BEGIN
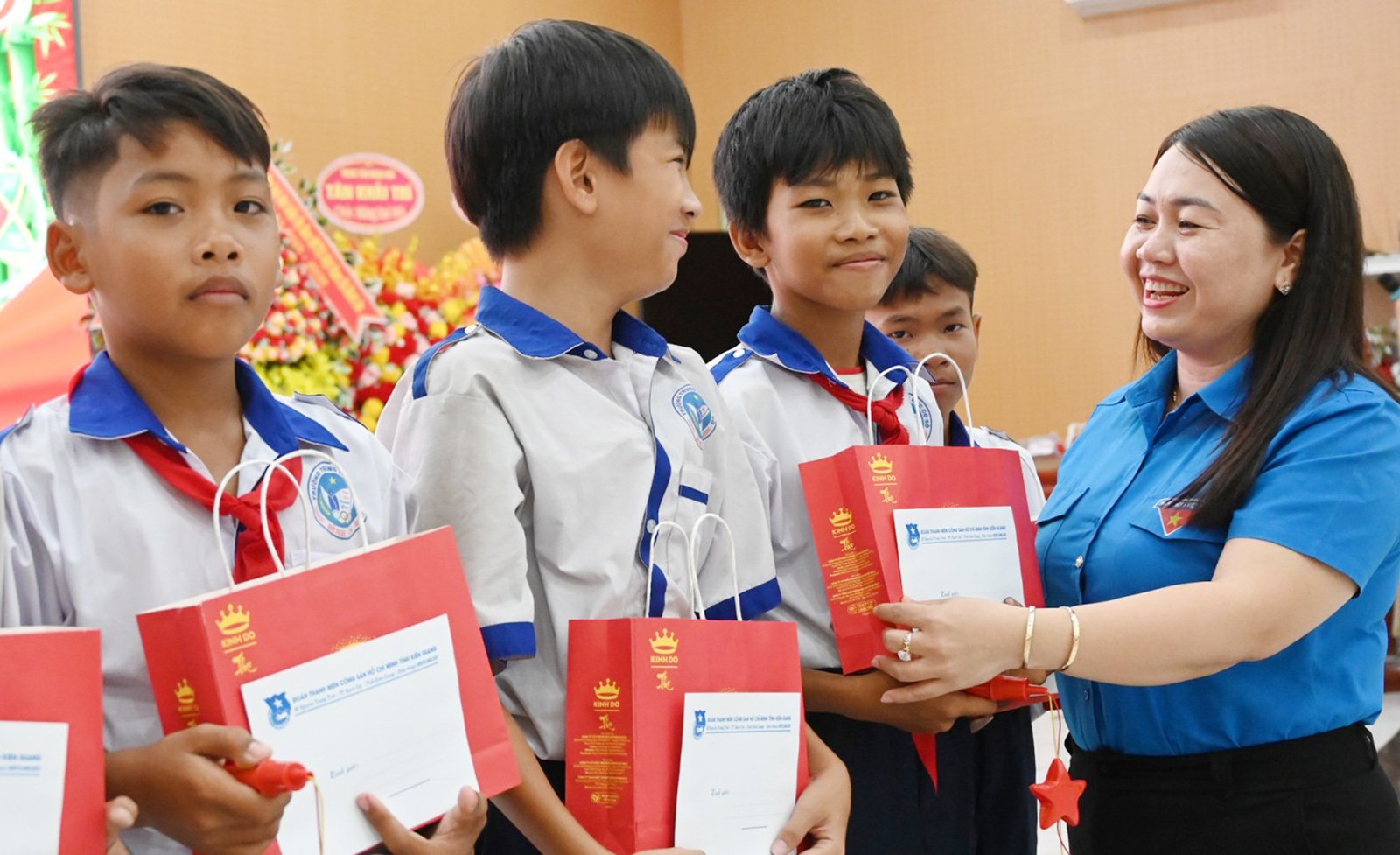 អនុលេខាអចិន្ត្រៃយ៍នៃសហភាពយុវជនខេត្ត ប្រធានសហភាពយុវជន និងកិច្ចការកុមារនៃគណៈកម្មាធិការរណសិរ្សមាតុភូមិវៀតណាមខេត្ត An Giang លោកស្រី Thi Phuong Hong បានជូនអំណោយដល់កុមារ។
END
BEGIN
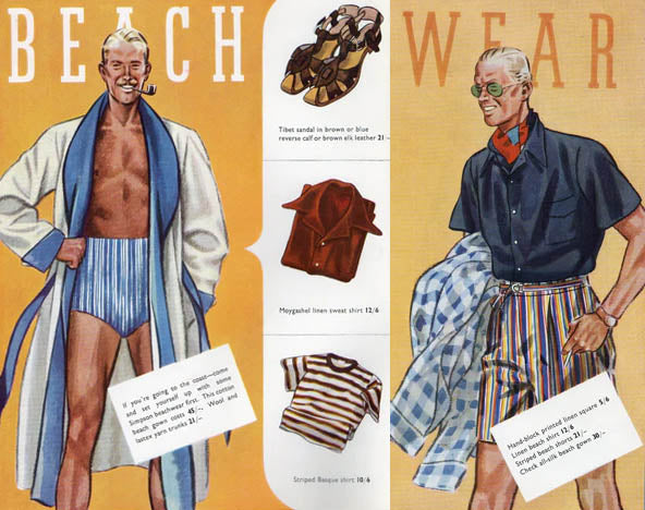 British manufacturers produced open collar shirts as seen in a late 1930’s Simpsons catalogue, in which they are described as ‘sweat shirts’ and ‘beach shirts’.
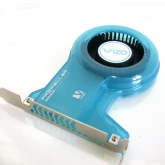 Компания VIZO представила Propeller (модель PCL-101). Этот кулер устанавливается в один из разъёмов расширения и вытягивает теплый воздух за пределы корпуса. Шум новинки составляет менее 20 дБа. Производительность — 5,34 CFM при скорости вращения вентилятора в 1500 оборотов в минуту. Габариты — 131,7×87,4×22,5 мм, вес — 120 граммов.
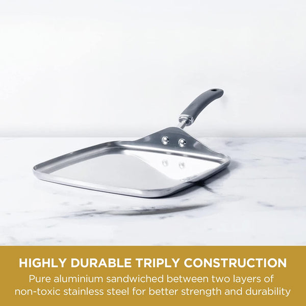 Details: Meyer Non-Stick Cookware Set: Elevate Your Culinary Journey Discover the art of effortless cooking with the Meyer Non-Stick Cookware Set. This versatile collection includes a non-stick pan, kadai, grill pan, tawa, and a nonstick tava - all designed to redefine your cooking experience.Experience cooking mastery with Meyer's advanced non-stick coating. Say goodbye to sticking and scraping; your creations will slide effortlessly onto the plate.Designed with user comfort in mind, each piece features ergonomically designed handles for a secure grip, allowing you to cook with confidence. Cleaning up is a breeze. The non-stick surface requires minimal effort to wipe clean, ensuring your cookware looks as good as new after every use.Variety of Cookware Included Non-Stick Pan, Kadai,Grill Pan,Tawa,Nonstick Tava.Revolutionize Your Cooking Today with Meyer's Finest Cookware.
END
BEGIN
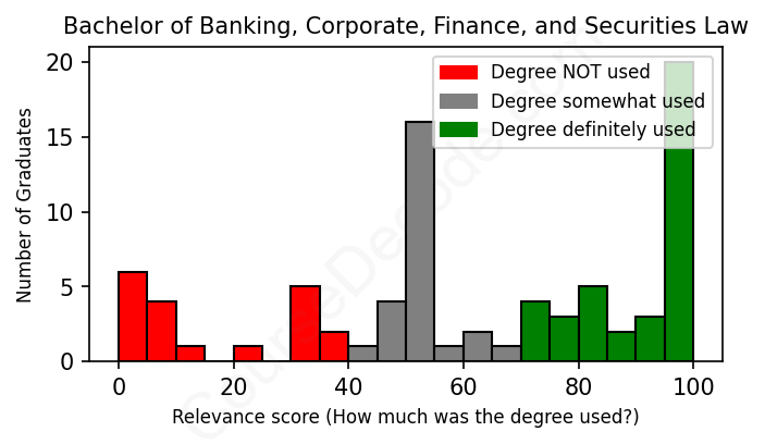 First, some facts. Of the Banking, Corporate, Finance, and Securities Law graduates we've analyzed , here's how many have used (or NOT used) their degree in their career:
END
Transcribe, word for word, the lines of the listing above from the one that contains "British manufacturers produced" through the one that contains "Компания VIZO представила", keeping both ends and dropping the pictures.

Finished exercise:
 British manufacturers produced open collar shirts as seen in a late 1930’s Simpsons catalogue, in which they are described as ‘sweat shirts’ and ‘beach shirts’.
 Компания VIZO представила Propeller (модель PCL-101). Этот кулер устанавливается в один из разъёмов расширения и вытягивает теплый воздух за пределы корпуса. Шум новинки составляет менее 20 дБа. Производительность — 5,34 CFM при скорости вращения вентилятора в 1500 оборотов в минуту. Габариты — 131,7×87,4×22,5 мм, вес — 120 граммов.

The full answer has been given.